Fortunately, I had an appointment the next day with my physical therapist. I had already scheduled it to re-check my knee.  I walked in the that morning in complete pain and practically begged him to check my back instead of my knee (which was feeling great by this time).  He worked HARD on my back.  But he asked a lot of questions and again, was able to pinpoint the area that needed to be worked on.  After an hour, I was able to stand up and BREATHE!  It was so amazing how much better I already felt!  Yes, it was still sore and tender, but whatever he did I could actually breathe better.  I don't think I had really been able to take a deep breath since Thursday, so it felt great!  He told me he thought I had somehow slipped a vertabrae out of place, which was causing all of that pain.  I have no idea how that happened, maybe slept wrong the night before? 
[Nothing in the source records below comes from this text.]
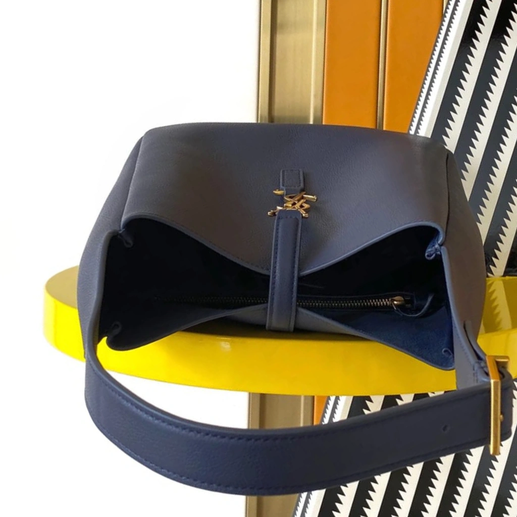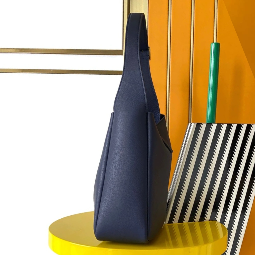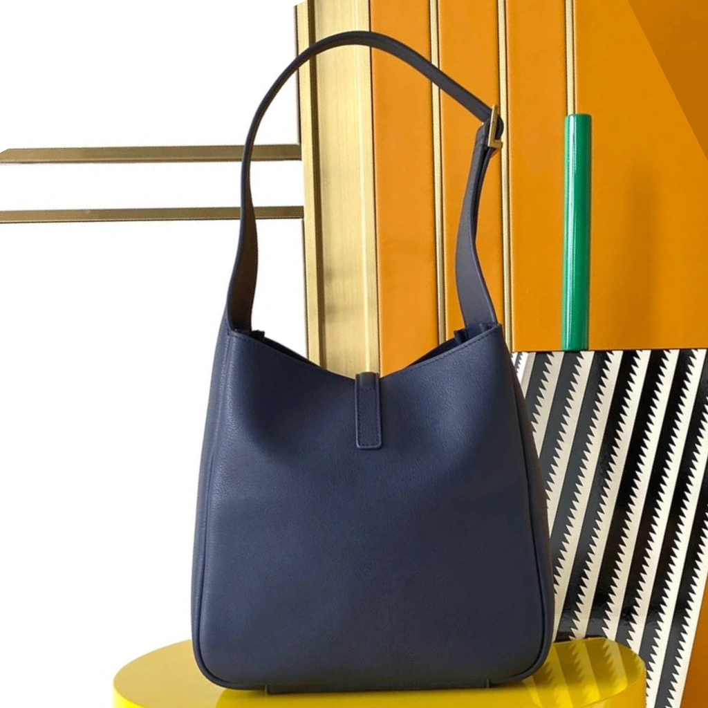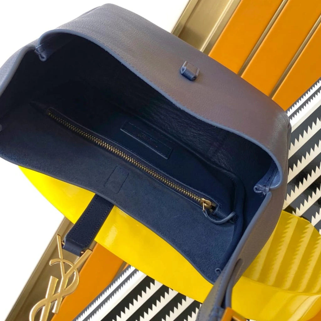 Meticulously crafted in Italy from supple grained calfskin leather in a rich navy blue hue, this Saint Laurent Le 5 à 7 Supple Large Shoulder Bag embodies relaxed sophistication with modern edge. The softly structured silhouette is accented by the signature YSL Cassandre logo in gold-tone hardware at the front tab closure, paired with a slender adjustable leather shoulder strap for effortless wear. Designed for everyday versatility, the generously sized interior offers ample space while maintaining the House’s refined, minimalist aesthetic.
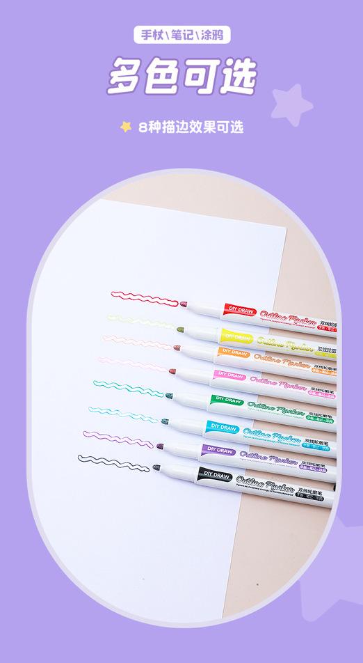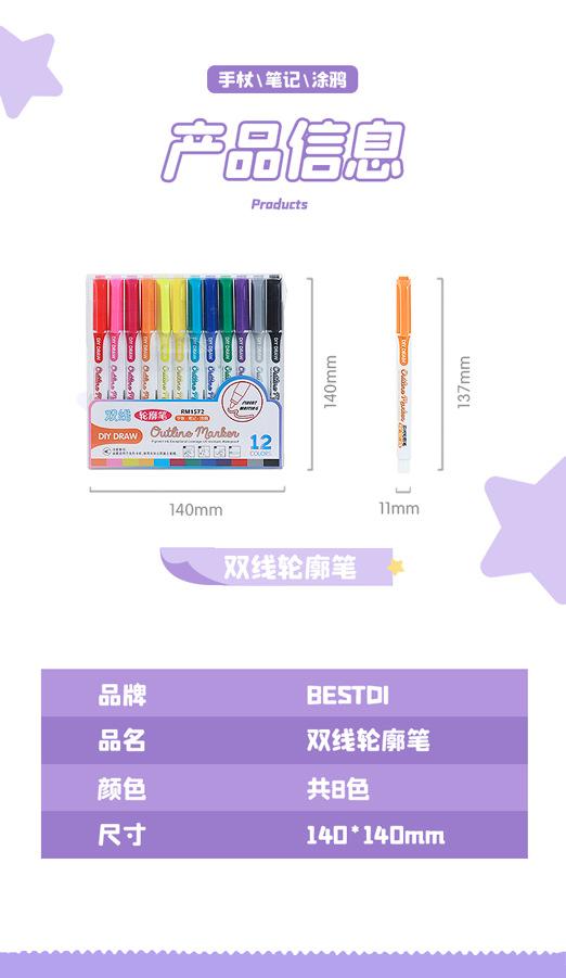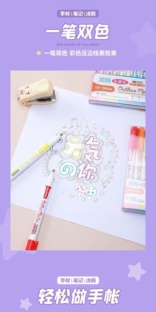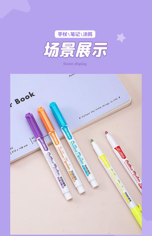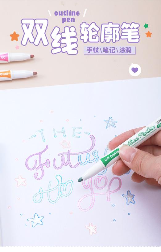 Bolígrafo de contorno de doble línea 8 colores 12 colores Set Marcador de dos colores Estudiante DIY Manual Pintura a mano Resaltador Pincel
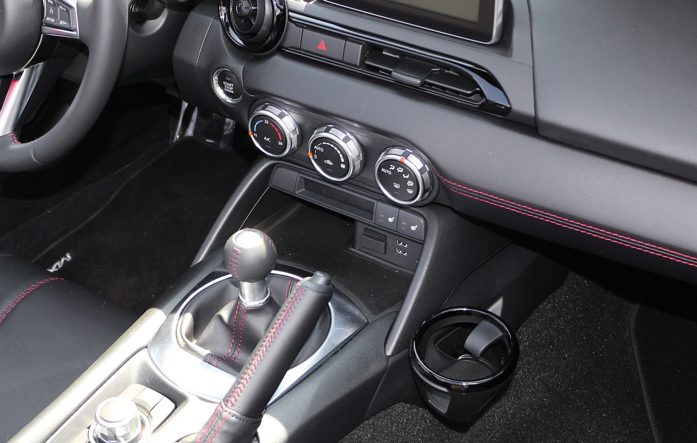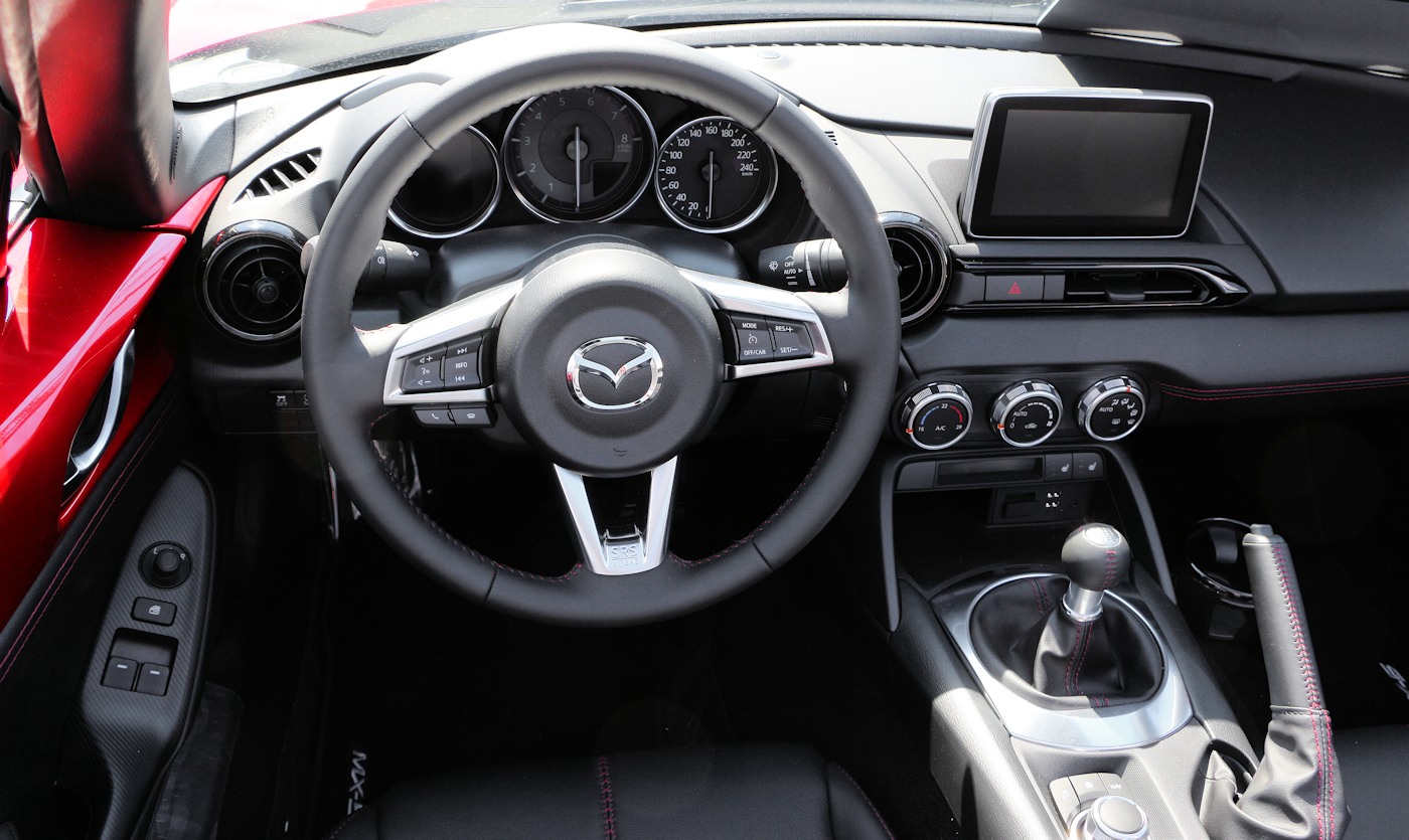 A partir de 25 500 euros : Aide au freinage d’urgence (EBA) // Airbags frontaux et latéraux // Antipatinage électronique (TCS) // Capot actif (protection des piétons) // Contrôle dynamique de stabilité (DSC) // Feux de jour à LED // Phares avant à LED // Répartiteur électronique de freinage (EBD) // Système d’antiblocage des roues au freinage (ABS) // Système d’antidémarrage // Système de signalisation d’arrêt d’urgence (ESS) // Système de surveillance de pression des pneus (TPMS) // Garnitures centrales de portes cuir vinyle noir avec surpiqûres rouges // Garnitures supérieures de portes couleur carrosserie // Jantes alliage 16" « Argent » // Poignées de portes extérieures couleur carrosserie // Poignées de portes intérieures couleur « Argent brillant » // Revêtement d’arceaux couleur « Piano Black » (sur le ST) ou couleur carrosserie (sur le RF) // Bouton d’ouverture/fermeture du toit électrique (uniquement sur RF) // Climatisation manuelle // Démarrage avec bouton « start » // Fonction « Coming/Leaving Home » // Ouverture/fermeture des portes à télécommande // Pare-soleil côtés conducteur et passager, avec miroir de courtoisie et range-ticket // Pommeau de levier de vitesses et levier de frein à main gainés de cuir // Porte-gobelets // Régulateur et limiteur de vitesse // Rétroviseurs extérieurs chauffants, couleur carrosserie et réglables électriquement // Sièges avec réglage manuel de la longueur et inclinaison // Siège conducteur avec réglage manuel de la profondeur // Sièges tissu noir avec surpiqûres rouges // Verrouillage centralisé des portes // Vitres électriques // Volant gainé de cuir avec branches couleur « Argent brillant » // Volant réglable en hauteur // Commandes au volant pour l’audio et le Bluetooth® // Ordinateur de bord avec écran couleur LCD 4,6" (sur MX-5 RF uniquement) et alarme de vitesse Radio AM/FM avec 6 haut-parleurs // Prise AUX et 2 ports USB // Système Bluetooth® // Système MZD Connect avec écran couleur 7" et interface à commandes multiples HMI

I finally feel healthy again!  I have been jogging again for the last week.  Taking it really slow, but at least I'm moving again! 
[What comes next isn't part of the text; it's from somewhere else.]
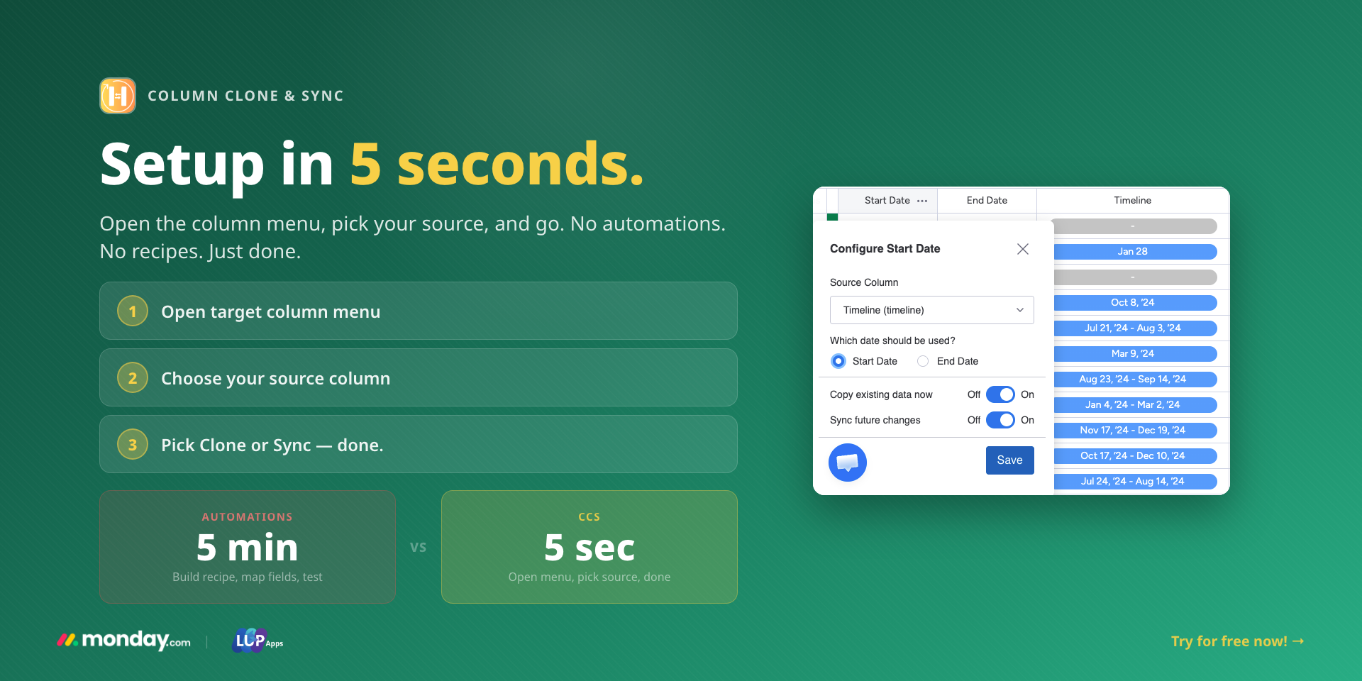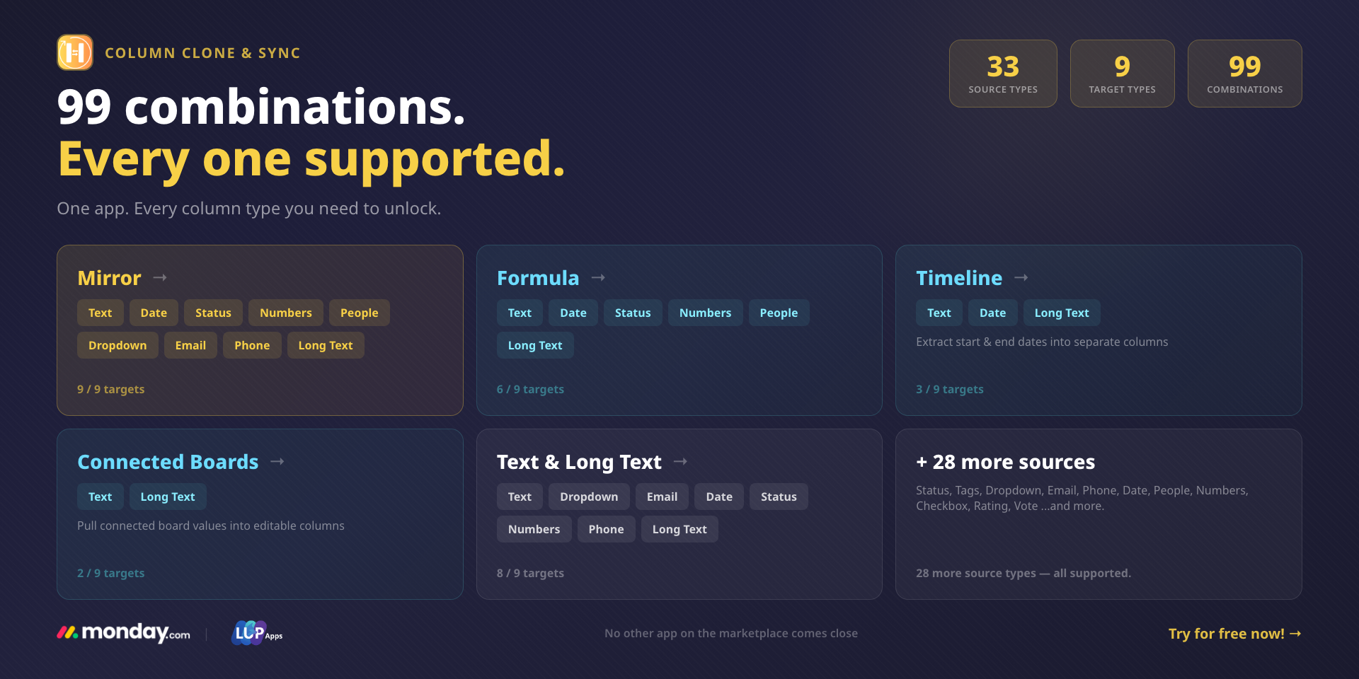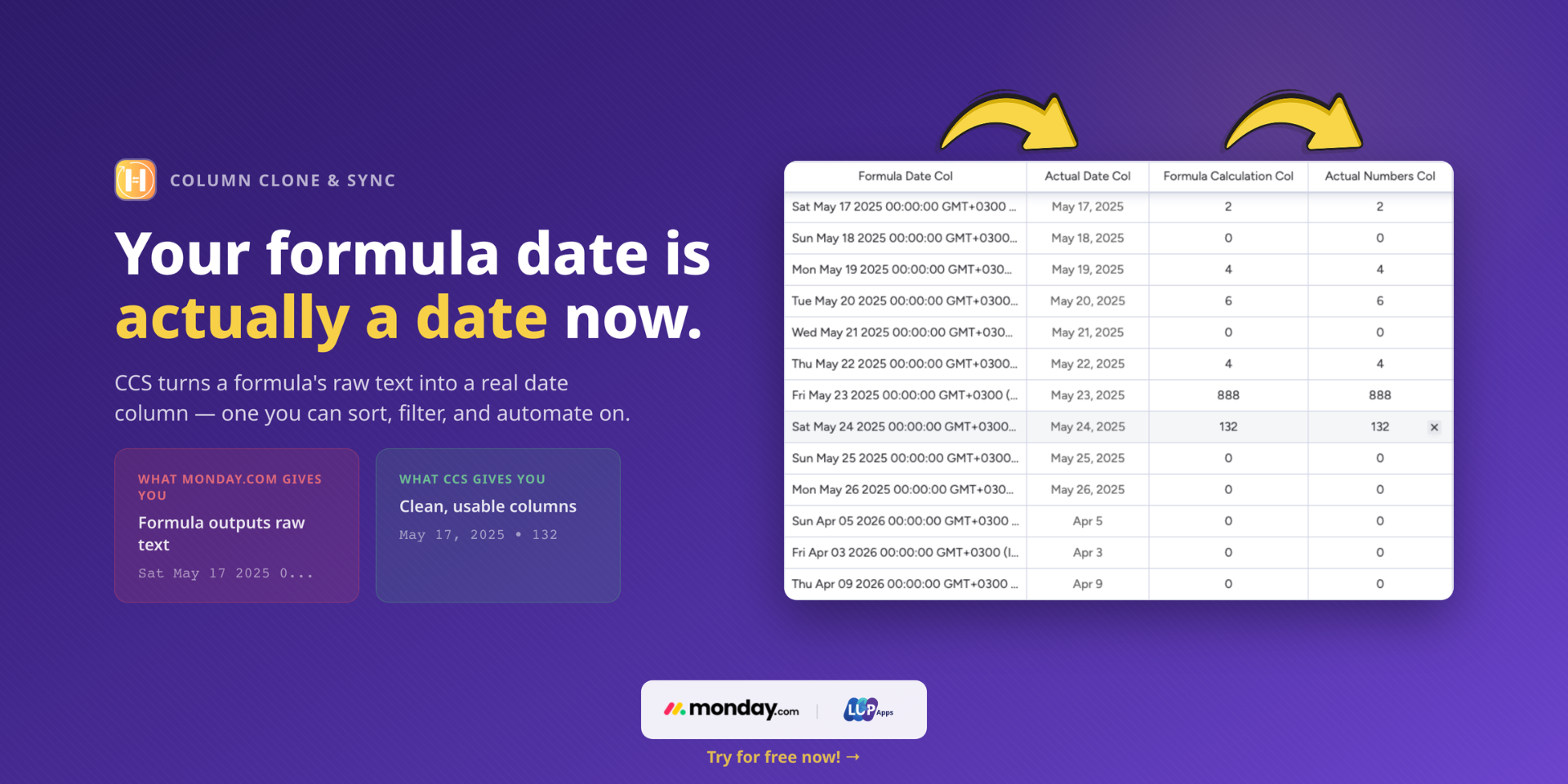 "description": "<p>You're building a workflow in monday.com and you <strong>hit a wall</strong>. </p><p>Column Clone & Sync lets you move data between any column types in monday.com - instantly.</p><p><br></p><p>Formula results that need to be in a date column? Done. Mirror values you need in automations? Done. Timeline dates you need split into separate columns? Done. It just works.</p><p><br></p><p>CCS runs as a column extension — not an automation. Setup takes up to 5 seconds. Open the column menu, pick your source, pick your target, choose copy or sync. That's it.</p><p><br></p><p>33 source column types. 9 target types. The broadest column support on the marketplace.</p><p><br></p><p>⚡ <strong>WHAT YOU CAN DO:</strong></p><p><br></p><p>✅ Mirror → copies to all 9 target types. Use mirror data in automations, formulas, and filters — no more read-only dead ends.</p><p>✅ Formula → dates, numbers, text, status. Formula results finally land where you need them — including date columns.</p><p>✅ Timeline → date columns. Extract start and end dates in seconds.</p><p>✅ Connected Boards → text. Pull connected board values into usable, editable columns.</p><p>✅ Plus Status, People, Tags, Dropdown, Email, Phone, and 23 more source types.</p><p><br></p><p>🔧 <strong>HOW IT WORKS:</strong></p><p><br></p><p>1. Open the target column menu</p><p>2. Select Column Copy & Sync</p><p>3. Choose your source column</p><p>4. Pick Copy or Sync</p><p>5. Done - up to 5 seconds.</p><p><br></p><p>While other apps are still on step 1 of building an automation, you're already <strong>finished</strong>.</p><p><br></p><p>🔄 <strong>COPY OR SYNC - YOUR CHOICE:</strong></p><p>Copy values once for a quick transfer, or keep columns synced automatically as data changes. Same simple setup for both modes.</p><p><br></p><p>🏆 <strong>ONE APP, NOT FOUR:</strong></p><p>Instead of installing separate tools for formula triggers, mirror syncing, timeline conversion, and column copying — Column Copy & Sync handles all of it. One install. One price.</p><p><br></p><p>🔒 <strong>BUILT ON MONDAY.COM'S SECURE PLATFORM:</strong></p><p>CCS runs entirely within monday.com's infrastructure. Your data never leaves the platform. Enterprise-grade security, compliance, and permissions — built in from day one.</p><p><br></p><p>🚀 <strong>GET STARTED NOW:</strong></p><p>Experience the benefits firsthand — <a href=\"https://auth.monday.com/oauth2/authorize?client_id=286373cd0aa41620a0e49a5d935e70ff&response_type=install\" rel=\"noopener noreferrer\" target=\"_blank\">install the app</a> and streamline your workflow.</p><p><br></p><p>For a personalized walkthrough or any questions, <a href=\"https://cal.com/lupapps/\" rel=\"noopener noreferrer\" target=\"_blank\">book a call with our team</a> or reach out to our support at <a href=\"mailto:support@lupapps.io\" rel=\"noopener noreferrer\" target=\"_blank\">support@lupapps.io</a>.</p>",

What I've found surprising is when I look back over these last few weeks how emotional I have been about this race.  I was completely stressed out about not being able to do it at all and I didn't realize how much I had let it affect me!  I went to that first track work out after my back injury, really thinking that there was going to be a way that I could make up some of the training I missed.  I would come up with a plan to add more miles every day, it would all work out.  But I was still stressing about how it would all work out!  But my coach finally said something like "look, you're never going to make up that lost time in a week and half.  Just concentrate on finishing the race - no matter how you get it done".  That really hit home with me.  It reminded me of what my goal has been all along - just to do this!  I started out not caring about how much I was able to run, how much I was going to have to walk or what my finish time would be - I just wanted to finish.  But somewhere along the way I got away from that.  Building up your endurance each week, running farther than I ever have before - it was exciting!  I was really proud of myself and amazed at what I had been able to accomplish.  Then when I thought it was all slipping away, it really hit me hard.  But that comment from my coach brought me back to my reality.  Once I let all of that craziness go, I have been able to relax and enjoy the thought of the race again.  I don't care how long it takes me to finish this race, but I WILL FINISH.  That is all that matters.  So I'll walk more than I had originally planned, but who cares?  I WILL FINISH!!  I'm going to take it all in and enjoy every minute!

I will post again when I get home on Sunday (after my ice bath!).  Wish me luck!